Errors were also compared by grouping the NFI plots according to stand height and forest type, identified in the permutation importance analysis as the two most influential predictors. As summarized in Table 4, RMSE values tended to increase with taller stands, particularly in the 20–25 and 25–30 m ranges. Among forest types, coniferous forests exhibited the highest RMSE across models, whereas deciduous and mixed forests yielded lower errors.

5. Discussion

5.1. Overview and Implications of Results

Previous studies have attempted to improve GSV estimation accuracy by integrating remote sensing data and ML techniques, which have led to enhanced predictive performance [3,27,28,29]. However, most of these applications have remained confined to local or regional scales [10,11,30,31]. Research on nationwide GSV estimation is limited, particularly in South Korea. Therefore, this study compares and evaluates the performances of multiple ML models for national-scale GSV estimation.

Although the overall accuracy was moderate (R² ≈ 0.55), this level of performance is reasonable given the nationwide scale and complex mountainous terrain of South Korea. A comparable study [32], which also excluded airborne laser scanning data and modeled structurally heterogeneous Mediterranean forests, reported model R² values ranging from 0.35 to 0.47 for a study area of 48,657 km² in central Italy. In contrast, the present study covers the entire territory of South Korea (100,412 km²), characterized by diverse forest structures. These findings confirm that, under complex terrain and without airborne laser scanning-derived canopy metrics, moderate model accuracies are typical even in regional-scale studies. In this context, the obtained accuracy is meaningful for nationwide forest resource monitoring.

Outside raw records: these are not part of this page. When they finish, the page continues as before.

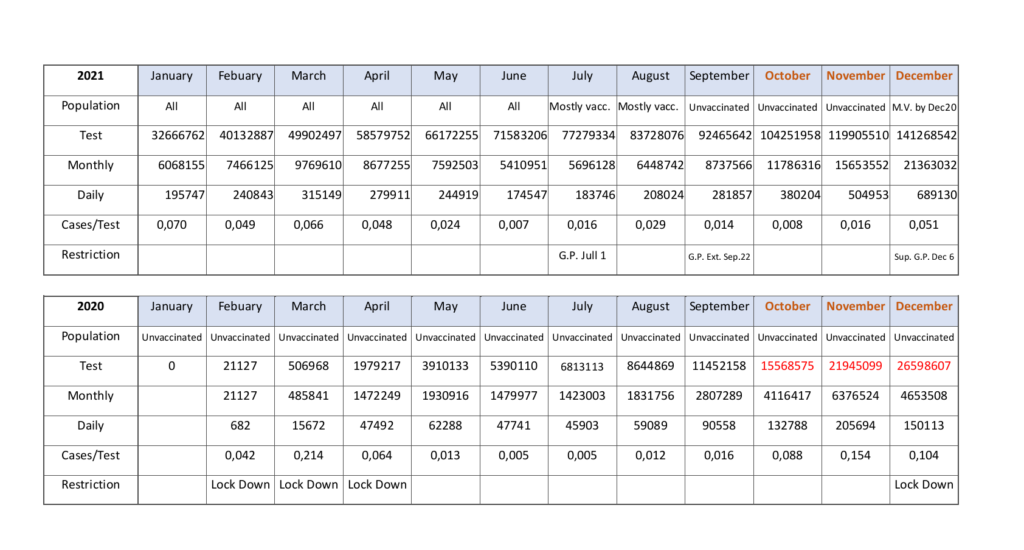 Before concluding the 2020 – 2021 comparative exam, it is necessary to comment on the results shown in the table below, which details the monthly variation of the Case / Test ratio, contextualizing the data within a regulatory framework, which unfortunately we have seen repeated throughout the world alike.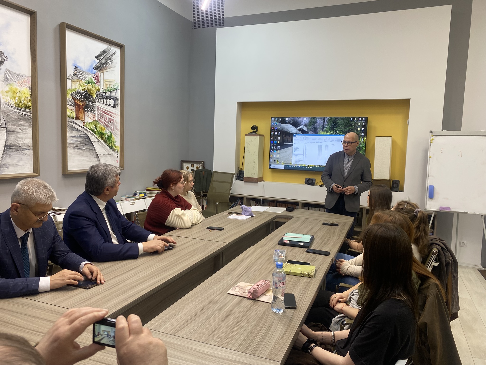 В завершении встречи заместитель председателя Комитета по внешним связям В.Г. Калганов и директор центра корееведения института востоковедения РГПУ им. А.И. Герцена С.О. Курбанов выразили мнение о том, что данная выставка заслуживает большего внимания, должна быть представлена в масштабе более крупного мероприятия и стать доступной широкой публике.
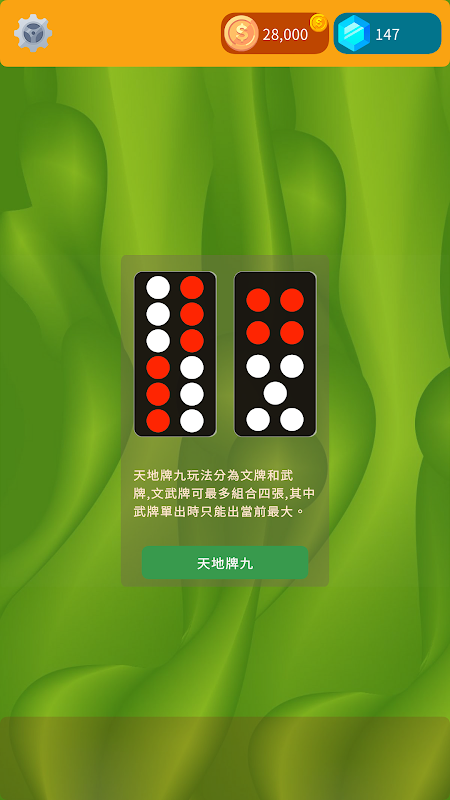 চাইনিজ ডোমিনোদের 30টি কার্ড রয়েছে৷ আপনি আপনার সেরা কার্ডগুলি বের করতে পারবেন বা আপনার কাছে বড় কার্ড না থাকাকালীন একই কাউন্টের কার্ডগুলি ভাঁজ করবেন৷ বিজয়ীর অবশ্যই লুপে 5টি ডোমিনো জিততে হবে, আরও একটি জয়, আপনি দ্বিগুণ স্কোর পাবেন' পাবেন।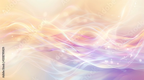 The watermark will not be included on Sticker.: Abstract background with wavy lines and light orbs in soft pink and yellow tones -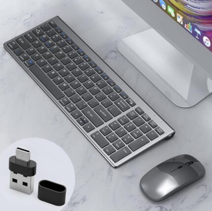 Necomi Rechargeable Keyboard and Mouse Wireless, USB A & Type C Receiver 2.4G Mouse and keyboard, Type C charging(English+Arabic)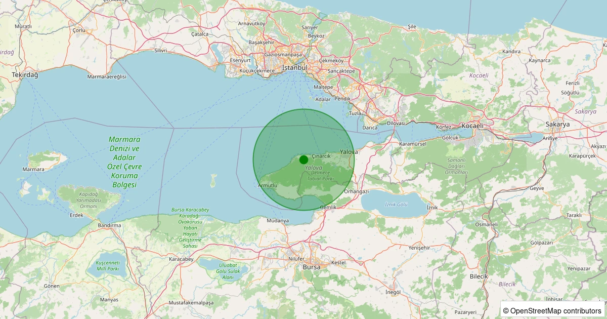Son 7 gün içinde Çınarcık - Şenköy Köyü noktasından 100 km yarıçap içerisinde meydana gelen diğer depremler: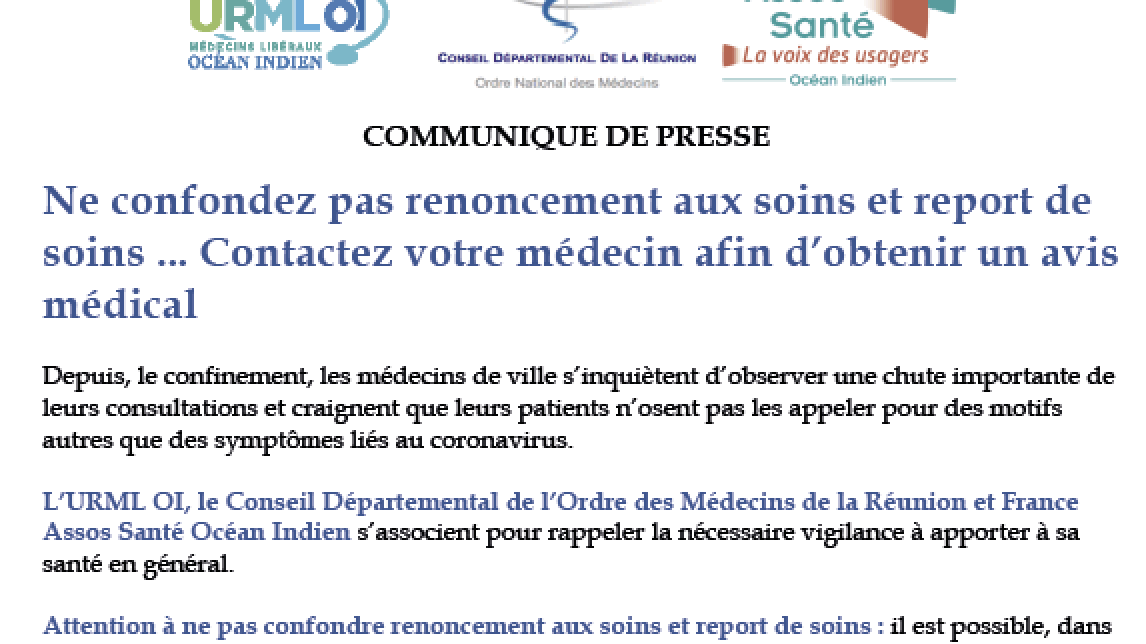 L’URML OI, le Conseil Départemental de l’Ordre des Médecins de la Réunion et France Assos Santé Océan Indien se sont associés pour rappeler la nécessaire vigilance à apporter à sa santé en général. Le communiqué est paru le 9 avril 2020.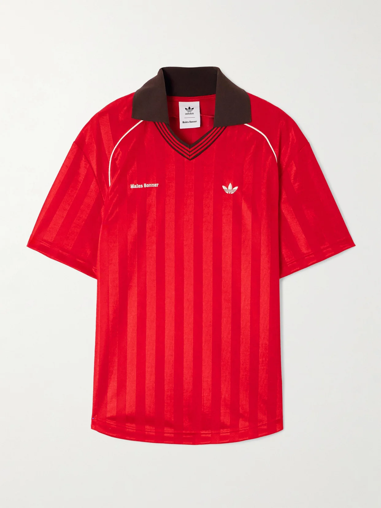 adidas Originals and Wales Bonner's retro-inspired, sporty pieces are a perfect blend of both brands' heritage and aesthetics. Modeled on vintage football jerseys, this T-shirt is made from recycled fibers with tonal stripes and a contrasting collar. The embroidered logos are placed on the chest, in lieu of a team emblem.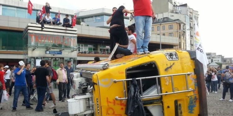 Τούρκοι διαδηλωτές στην πλατεία Ταξίμ επιτέθηκαν σε οχήματα των τουρκικών τηλεοπτικών δικτύων και τα πυρπόλησαν. Μεγαλύτερη αντίδραση υπήρξε στο όχημα δορυφορικών μεταδόσεων του τηλεοπτικού δικτύου NTV.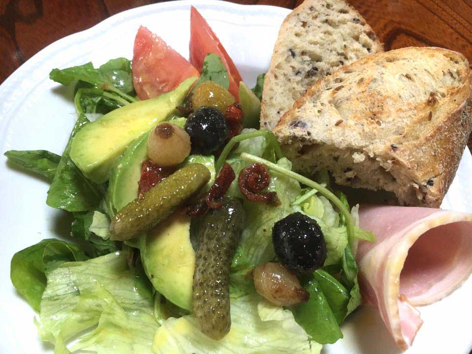 食べ終わって、お皿にドレッシングが残らないように濃いめの味で、サラダボールのなかでささっと手でドレッシングと混ぜ合わせて、お皿に盛ります。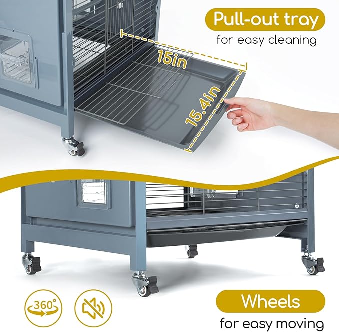 - 【Easy to Clean】The slide-out tray is easy to remove for cleaning and you can rinse it directly with water. Bottom grille help keep pet and cage clean.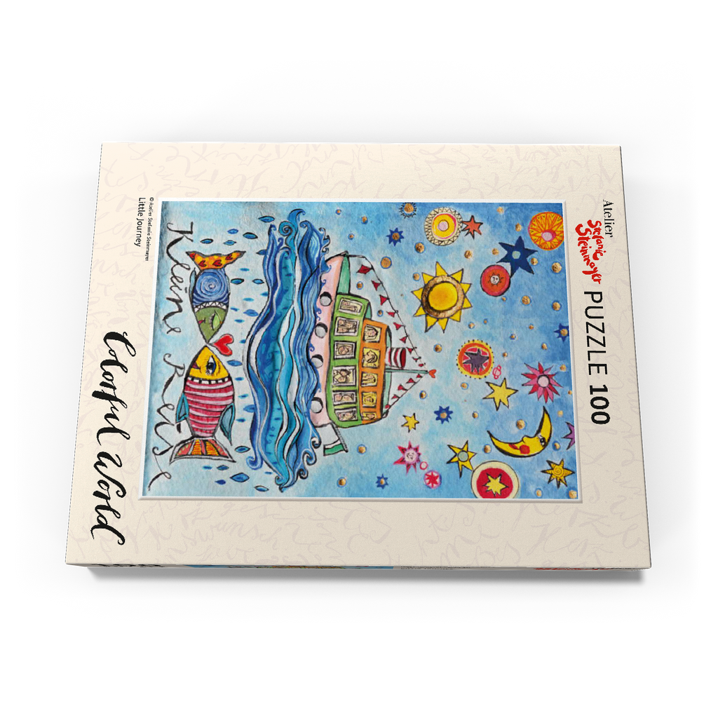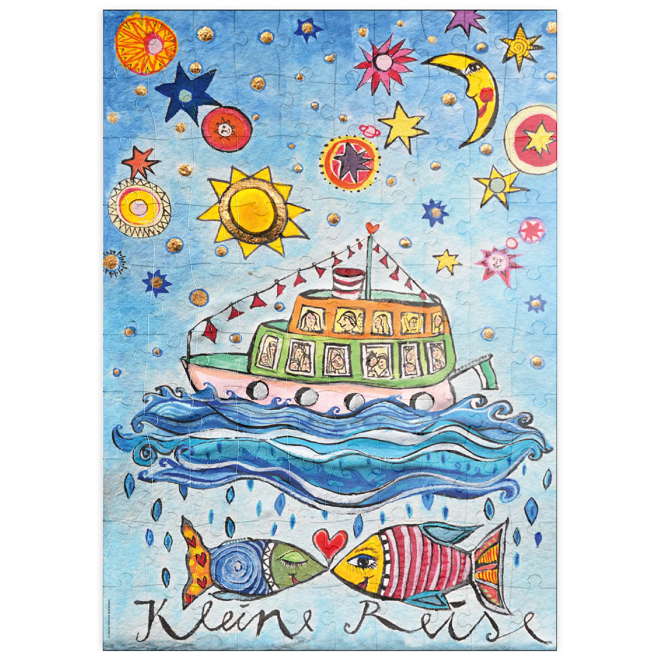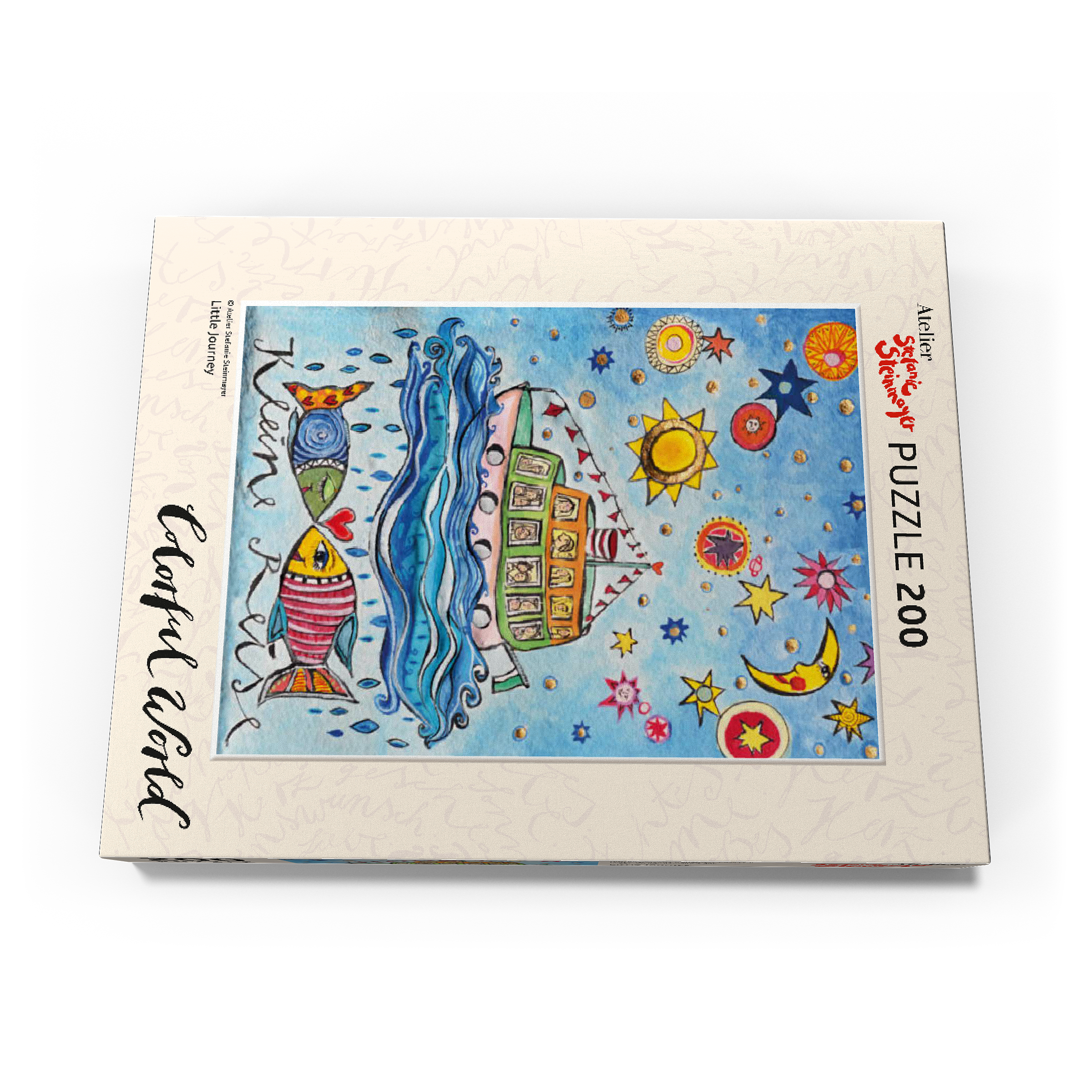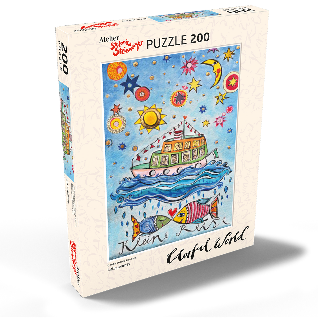 Ein Dampfer mit fröhlichen Passagieren fährt durch die Wellen, Darüber strahlt ein bunter Sternenhimmel. Im Wasser unter den Wellen treffen sich zwei verliebte Fischlein. Kleine Reise.

Beyond statistical performance metrics, this study also provides spatially continuous GSV estimation maps, revealing broad distribution patterns of forest resources. The results can inform the selection of suitable predictor variables and algorithms for GSV estimation in South Korea, and the nationwide maps can be further developed to help establish a national forest monitoring system and contribute to international reporting on forest resources and climate policy.

5.2. Limitations and Future Directions

5.2.1. Limitations of Model Performance

Among the four algorithms evaluated, RF achieved the highest accuracy, XGBoost and CatBoost produced comparable results, and kNN performed the least effectively. This ranking is consistent with previous research underscoring the robust performance of RF in forest resource estimation [33,34,35,36].

Stratified RMSE analysis further verified systematic tendencies across the GSV range. Errors were minimal within the 100–200 m³/ha range but increased toward both extremes, with kNN failing to estimate values exceeding 400 m³/ha. These limitations highlight the struggles of distance-based methods in extrapolating beyond the reference data distribution [37].

Although kNN exhibited the lowest performance in this study, it has been widely used in forest resource estimation and has also been used in preparing NFI data for countries such as Finland and Sweden [38,39,40,41,42,43]. Its advantages include straightforward multivariate prediction without distributional assumptions, but extrapolation beyond the reference data range inherently causes under- or overestimation. These weaknesses are likely amplified in South Korea, where forests are structurally complex, spanning diverse species compositions, uneven stand ages, and variable densities [44]. By contrast, boreal forests in Finland and Sweden are typically more even-aged and less diverse, shaped by intensive plantation management [45,46]; this helps explain the comparatively lower performance of kNN in this study.

5.2.2. Limitations of Ground and Auxiliary Data

According to the results, stand height emerged as the most influential predictor, showing a clear relationship with model errors. Notably, RMSE values increased sharply in taller stands (Table 4), reflecting the limited representation of such conditions in the NFI data (Figure 8). The uneven distribution of tall-stand samples limits data representativeness, forcing the models to extrapolate beyond the dominant data range. Such extrapolation increases uncertainty, particularly for distance-based methods such as kNN, and contributes to the systematic underestimation of high-volume plots [37,47].

An analysis of forest types further supports this interpretation. Coniferous forests yielded the highest error rates, whereas deciduous and mixed stands yielded lower errors. This discrepancy could be attributed to the broader distribution of stand heights observed in the NFI data of coniferous forests, which increases within-class variability and reduces the stability of estimations.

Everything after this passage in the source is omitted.